**Work required**
Go through the records and set each one down exactly, skipping any picture.

**Dataset records**
_ _ _ _ _
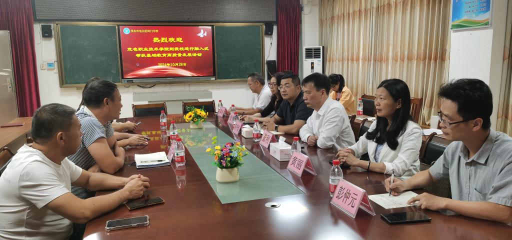 座谈会上,岭门中学陈旭华校长对学校近年来的融入式帮扶表示衷心感谢,详细介绍了岭门中学的基本情况和取得的成绩,并表示学校成绩的取得离不开茂名职业技术学院的大力支持。
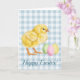 Destei's watercolor baby chick and pastel eggs. The background features a blue gingham pattern. There is also a personalizable text area that now reads: "Happy Easter!" in blue color script font.
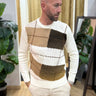 - Maglione girocollo con lavorazione geometrica a blocchi nei toni caldi del cammello, marrone e panna.
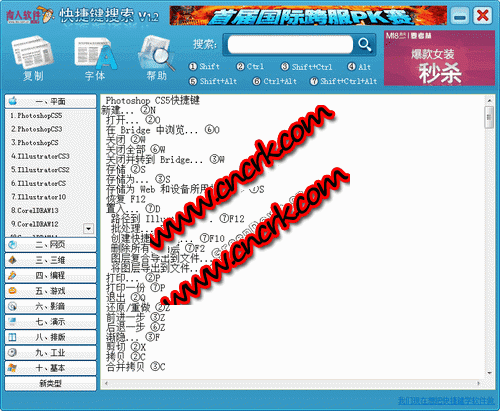 快捷鍵搜索是一款快捷鍵快捷鍵搜索的軟件,軟件里有平面、網(wǎng)頁(yè)、三維、編程、游戲、影音、演示、排版、工業(yè)、基本、新類型類型軟件的快捷鍵。
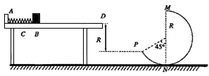 1、计算题 如图所示,水平桌面上有一轻弹簧,左端固定在A点,自然状态时其右端位于B点。水平桌面右侧有一竖直放置的光滑轨道MNP,其形状为半径R=0.8m的圆环剪去了左上角135°的圆弧,MN为其竖直直径,P点到桌面的竖直距离也是R。用质量m=0.2kg的物块将弹簧缓慢压缩到C点,BC间光滑,由静止释放,物块过B点后其位移与时间的关系为
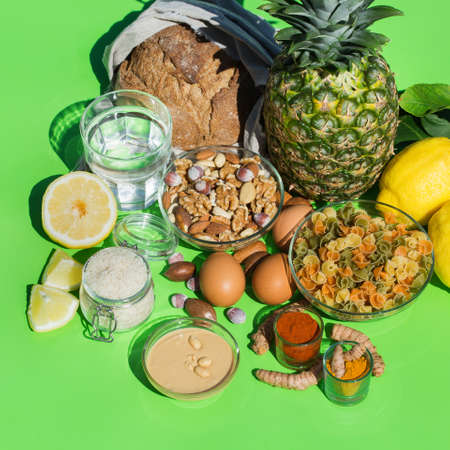 Balanced nutrition concept for low purine eating and diet to stop gout. Assortment of healthy food ingredients for cooking on a kitchen table
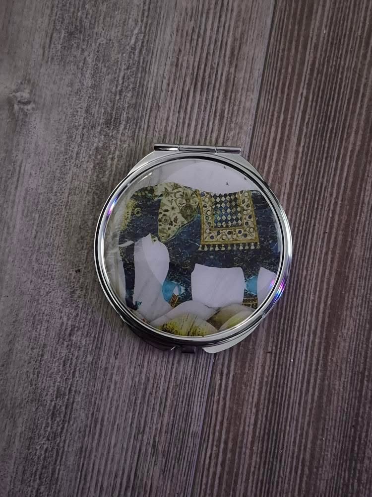 Miroir de poche de 7 cm de diamètre, idéal pour le glisser dans le sac, la pochette, le tote bag ou autre. Pour les petits budgets, ça en fait un joli cadeau pour de petites occasions!
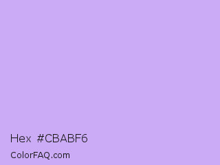 Hex #cbabf6 Color is a very light violet color and the nearest color is Bright Ube #d19fe8. Hex code #cbabf6 and RGB value is rgb(203,171,246). In RGB color space, this color is composed of 80% red, 67% green, 96% blue, In CMYK color space, this color is composed of 17% cyan, 30% magenta, 0% yellow , 4% black , In HSL color space, this color has a hue angle of 266° , 81% saturation and 82% lightness.
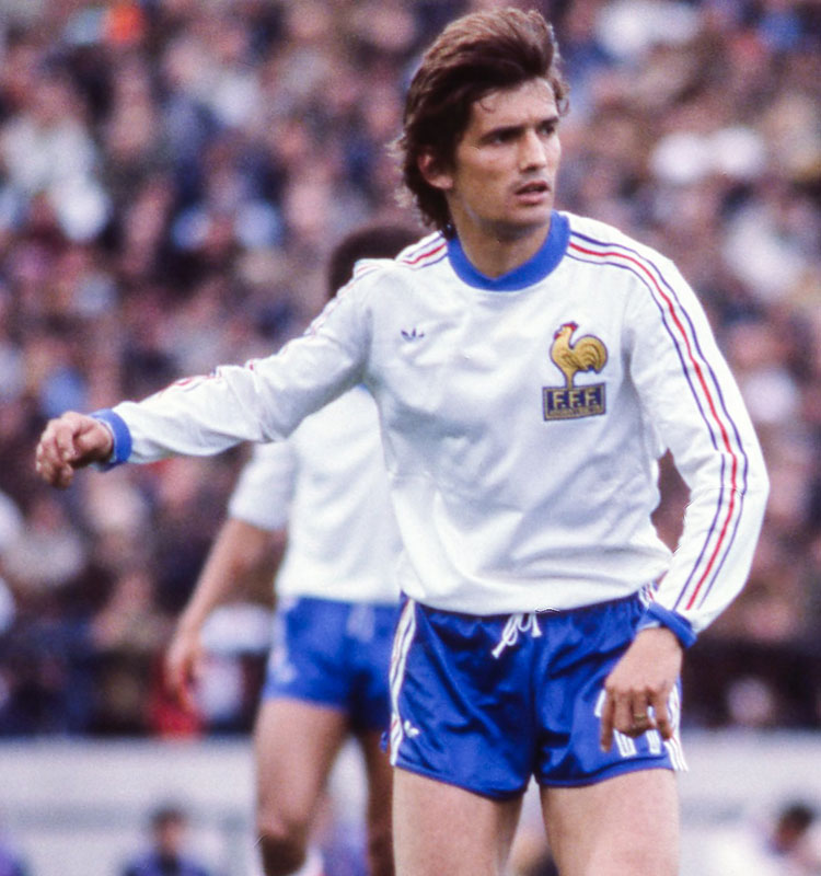 この時期のフランスのユニフォームは、70年代や80年代を代表するものが多い。78年大会のアウェイは定番のデザインではあるが、国旗色の配したが大変オシャレで見事な一着。
_ _ _ _ _
**Written answer**
 座谈会上,岭门中学陈旭华校长对学校近年来的融入式帮扶表示衷心感谢,详细介绍了岭门中学的基本情况和取得的成绩,并表示学校成绩的取得离不开茂名职业技术学院的大力支持。
 Destei's watercolor baby chick and pastel eggs. The background features a blue gingham pattern. There is also a personalizable text area that now reads: "Happy Easter!" in blue color script font.
 - Maglione girocollo con lavorazione geometrica a blocchi nei toni caldi del cammello, marrone e panna.
 快捷鍵搜索是一款快捷鍵快捷鍵搜索的軟件,軟件里有平面、網(wǎng)頁(yè)、三維、編程、游戲、影音、演示、排版、工業(yè)、基本、新類型類型軟件的快捷鍵。
 1、计算题 如图所示,水平桌面上有一轻弹簧,左端固定在A点,自然状态时其右端位于B点。水平桌面右侧有一竖直放置的光滑轨道MNP,其形状为半径R=0.8m的圆环剪去了左上角135°的圆弧,MN为其竖直直径,P点到桌面的竖直距离也是R。用质量m=0.2kg的物块将弹簧缓慢压缩到C点,BC间光滑,由静止释放,物块过B点后其位移与时间的关系为
 Balanced nutrition concept for low purine eating and diet to stop gout. Assortment of healthy food ingredients for cooking on a kitchen table
 Miroir de poche de 7 cm de diamètre, idéal pour le glisser dans le sac, la pochette, le tote bag ou autre. Pour les petits budgets, ça en fait un joli cadeau pour de petites occasions!
 Hex #cbabf6 Color is a very light violet color and the nearest color is Bright Ube #d19fe8. Hex code #cbabf6 and RGB value is rgb(203,171,246). In RGB color space, this color is composed of 80% red, 67% green, 96% blue, In CMYK color space, this color is composed of 17% cyan, 30% magenta, 0% yellow , 4% black , In HSL color space, this color has a hue angle of 266° , 81% saturation and 82% lightness.
 この時期のフランスのユニフォームは、70年代や80年代を代表するものが多い。78年大会のアウェイは定番のデザインではあるが、国旗色の配したが大変オシャレで見事な一着。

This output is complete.